* [DATA FOR THE TASK]:

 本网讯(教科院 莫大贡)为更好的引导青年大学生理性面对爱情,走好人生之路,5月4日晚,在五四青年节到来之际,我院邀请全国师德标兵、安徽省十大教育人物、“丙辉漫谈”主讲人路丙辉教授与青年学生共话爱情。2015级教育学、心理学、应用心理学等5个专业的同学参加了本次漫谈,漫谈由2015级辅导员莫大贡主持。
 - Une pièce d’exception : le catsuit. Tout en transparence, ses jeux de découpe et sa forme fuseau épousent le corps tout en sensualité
--
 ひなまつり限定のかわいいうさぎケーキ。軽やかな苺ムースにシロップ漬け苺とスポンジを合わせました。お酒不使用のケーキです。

* [WHAT THE TASK ASKS]:
Look above for the line with "本网讯(教科院 莫大贡)为更" and the line with "- Une pièce"; transcribe both and all lines in between, exactly, and nothing else.

* [OUTPUT OF THE EXERCISE]:
 本网讯(教科院 莫大贡)为更好的引导青年大学生理性面对爱情,走好人生之路,5月4日晚,在五四青年节到来之际,我院邀请全国师德标兵、安徽省十大教育人物、“丙辉漫谈”主讲人路丙辉教授与青年学生共话爱情。2015级教育学、心理学、应用心理学等5个专业的同学参加了本次漫谈,漫谈由2015级辅导员莫大贡主持。
 - Une pièce d’exception : le catsuit. Tout en transparence, ses jeux de découpe et sa forme fuseau épousent le corps tout en sensualité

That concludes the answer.